Somehow it feels like I'm missing an integral part of the typical high school experience. Not that persona and different dimensions are a typical part of high school but, ugh, why is it everyone acts like the high school romance is something perfect?
I know I'm like a guy. Before the midnight channel I could kick their butts on any given Sunday to the super meat dimension and now thanks to the midnight channel and shadows I know I could kill them if I so desired. Except The Guys of course, though when I'm trapped in my mind and my body attacks them, I can tell I more than take the wind from their chests. Yukiko and Naoto don't do that.
They know the extent of my toughness. I can tell by the way they treat me compared to Yukiko. She's almost babied by them constantly. They know I'm always going to be fine, a quick spell or two and I'm running back into the fray. But Yukiko requires a tenderness, a "Are you okay? Here, take this, I'll cover you!"
Whereas me, I get the same treatment they give each other. Just once, I'd like to get the same treatment as Yukiko. But if they did, I'm not sure I could react well to it. It would be weird. I'd try to cast Petra on them or shove some medicines down their throats. Truthfully though, I want to baby Yukiko too. I'm simultaneously jealous and a part of the problem. She is my best friend, my closest confident. I'd do anything for her. I love her with all my soul. I know mo matter what happens in my life, she will be by my side. Even now, as I see her slip under Yu's spell, a part of me is jealous and fearful. Is this bad?

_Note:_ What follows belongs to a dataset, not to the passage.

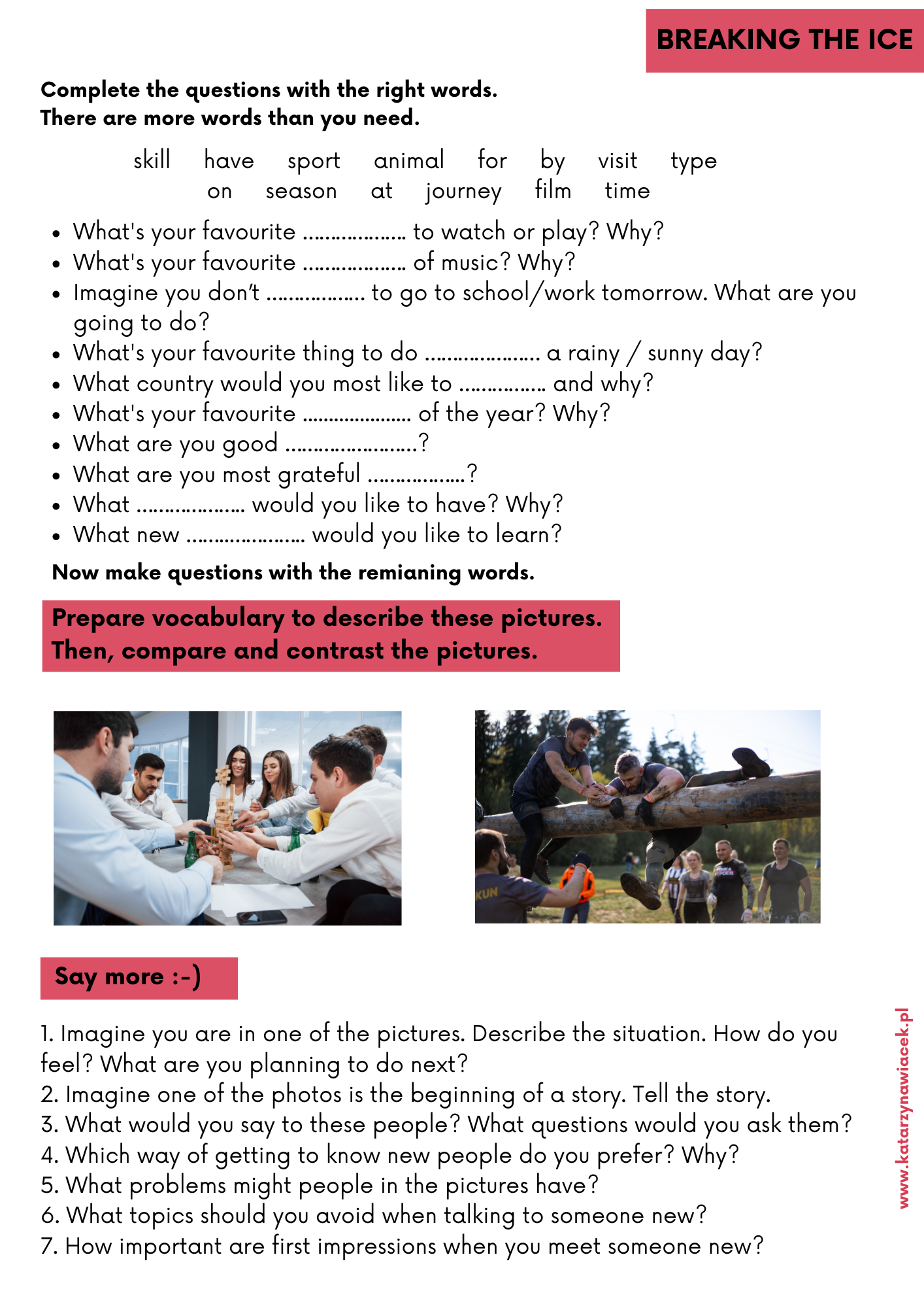 Breaking the ice przyda Ci się dla uczniów na poziomie A2-B1, a nawet z uczniami przygotowującymi się do FCE (szczególnie zadanie 2 i 3). To materiał, dzięki któremu uczniowie na bazie obrazków rozwijają słownictwo i mówienie i poznają się lepiej.

I can't say exactly why I feel this way. I should be happy for her. Every time she and Yu are together my chest tightens to the point of pain. I used to be the only one to touch her like that. Is this jealousy because I like her more than a friend? We're so close I can't tell if this is love of romance or love of sisters. We've always been together Sometimes we hold hand and walk together like lovers, we hug, we sleep in the same bed, we take baths together, all of this, I know every nook and cranny of hers. It's like, when we walk together, I feel at peace with the world. I'm calm and relaxed, happy and complacent. This could go on forever and I would be satisfied with my life. Is this romantic love? Or the emotions of a lifetime of being close? The one thing I do know is that I love her more than mere friendship can define.
Thing is, Yukiko makes me question myself about things like this. My sexuality. It's like Kanji when we first saved him from his shadow, but I don't get a "Surprise! Gender Switch Happy Ending!" like he does. I know it's not something widely accepted or normal, these feelings I have. However, it's not that I don't like guys either.
It's just, when you're a girl like me, one that's one of the guys, a dudebro, rough and tumble martial arts otaku, you can't confess feelings freely. If I did, I'd lose a great friendship to the abyss of awkward. And I'm not sure if they see me like a girl. The closest is Yu, but he's like that with everyone. It's scary, in fact, how he's able to see inside you and identify and heal the emotional scars. To that end, I'm glad if I lost Yukiko to someone, it is him. But if I liked him, would he see me as a woman? Does anyone see me as a woman? Thunderstorms and bugs are quite creepy thank you very much. Isn't that girly?
On the other side of the spectrum, Yosuke. I have a feeling that he understands how I feel too, except his mirrored feelings are towards Yu. Every time we try to talk though, it ends up in an argument. Not that it matters, free steak for me! Just once it would be nice to talk together. He's nice to be around. He takes the abuse and listens to me, yet he also keeps us on task. Yu may have the final say, but more often than not Yosuke is the one suggesting the options Yu has to choose from. I'm disappointed there hasn't been an opportunity to tell him this. Really though, can he not do something to piss me off? Even when it's something like a hug, I can feel him taking advantage. He is a boy after all, I should know better.
And he is the second person that treats me like a girl sometimes. But instead of Yu, who I feel is more friendship, sometimes I feel like there could be more between us. If I gave him a chance and bit my tongue one time, would it open something up and let me be seen as a woman? I think he would. All I have to do is give him a chance. Easier said than done. Impulsive and thinkers do not mix.
He could teach me that though, how to think about things before acting. Sixteen isn't an age to be set in ways. I can still learn and adapt. Being with Yosuke would make me a better person, I believe. I can't tell him that. I can't let him know I may want to give a date a chance, just the two of us, going out and doing couple things.
Because I could be wrong. This could all be in my head and the moment I open my mouth is the moment I lose Yosuke forever. I'd be the girl that liked him even though he didn't like me. He may not be completely over Saki's death yet. It's hard to tell. He masks his feelings with a smile, and is adept at keeping his true feelings locked inside. I'm sad I didn't get to witness his battle with his shadow like Yu did. Perhaps that is what makes the two so close.
Things can't continue like this forever, in limbo between feelings. Right now I don't have the strength to go one way or another. The costs are too great. I can't lose Yukiko. I can't lose Yosuke. Whichever these feelings of mine that are of love and romance, must stay locked away. Having them by my side is better than not having them by my side.